Building Content Type Solutions in SharePoint 2007

Book Review-Building Content Type Solutions in SharePoint 2007

When I picked up Building Content Type Solutions in SharePoint 2007 I was hoping that it would be the powerhouse book that helped the SharePoint community realize the power of content types. You see, I’ve decided that they’re one of the most powerful — if not the most powerful — feature in SharePoint. I’m fascinated by the idea that you would create a solution that includes the document template as well as the process (i.e. workflow) around that document when it has been created.

Unfortunately, I can’t say that the book lived up to my expectations. (One could easily say that they weren’t fair.) The book has a ton of great content in it. If you’re an end user, power user, or site administrator — you’ll learn something from the book. My issue is that the book never really develops an audience. It feels like a semi-random collection of stuff about content types. The stuff in the back of the book about development just doesn’t feel like it was intentional. (Not that it’s not valuable.)

Help Your SharePoint User

So while the book is useful if you’re trying to see some of the power of content types, I’m concerned that it’s not the content type book that the market needs to really realize the power of this particular feature of SharePoint.

5 replies
  1. Mike Oryszak
    Mike Oryszak says:

    I agree with your review. I picked it up in hopes to be able to use this as a resource for some of my power users. I think it providers a great primer, but doesn’t go into the real depth of what content types can deliver.

    What I do like about the book though is that it does provide good info on how it fits into things like InfoPath and Workflow.

  2. Mike Walsh
    Mike Walsh says:

    It was written by two people, wasn’t it?

    I can’t help feeling that this ” a semi-random collection of stuff about content types.” is par for the course for books that have more than one author.

    I had the same feeling about the SharePoint Design book from Wrox – lot’s of good stuff but not really a sense that it all hung together in a meaningful way.

    I’m still glad I have the SharePoint Design book, but that’s another story.

    You and I have both written complete books and the experience was certainly vastly different to me than writing a single chapter of the Real Word … book was.

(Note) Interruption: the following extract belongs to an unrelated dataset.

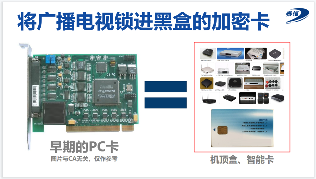 該卡上有一個存儲代碼的FLASH,包含了與智能卡或機頂盒中一樣的加密算法,一旦這個卡外泄,整個CA系統(tǒng)就會被輕易破解。

    For one I wrote it in order – Chapter 1, followed by 2 etc. People writing parts of books don’t have that “luxury” (or that “burden”?).

  3. Bjørn Furuknap
    Bjørn Furuknap says:

    I’ve sort of assumed that by now, everyone doing any kind of SharePoint dev or implementation stuff would have realized the power of content types. I may be wrong. When I wrote the most recent issue of the journal, I included just a single chapter on content type introduction, but very little ‘how to use cts in a business implementation’ type of information.

    I fully agree with your decision that content types is (one of) the most powerful features of SharePoint. Not to say, the coolest. You forget to mention one exceptionally cool feature, though, and that is that the visual interface can be customized per content type. You can have either just a custom form or a completely custom page as the interface for edit, new, and display forms. Custom forms are not really created per list or library, but per content type.

    .b

  4. Robert Bogue
    Robert Bogue says:

    On your review alone I won’t bother with this book. I am so tired of books that do nothing but describe features and never tell you how to create solutions.

  5. Dave Deschere
    Dave Deschere says:

    So, Rob, what resource *would* you recommend for development and deployment of content types – as well as educating end-users on the concept?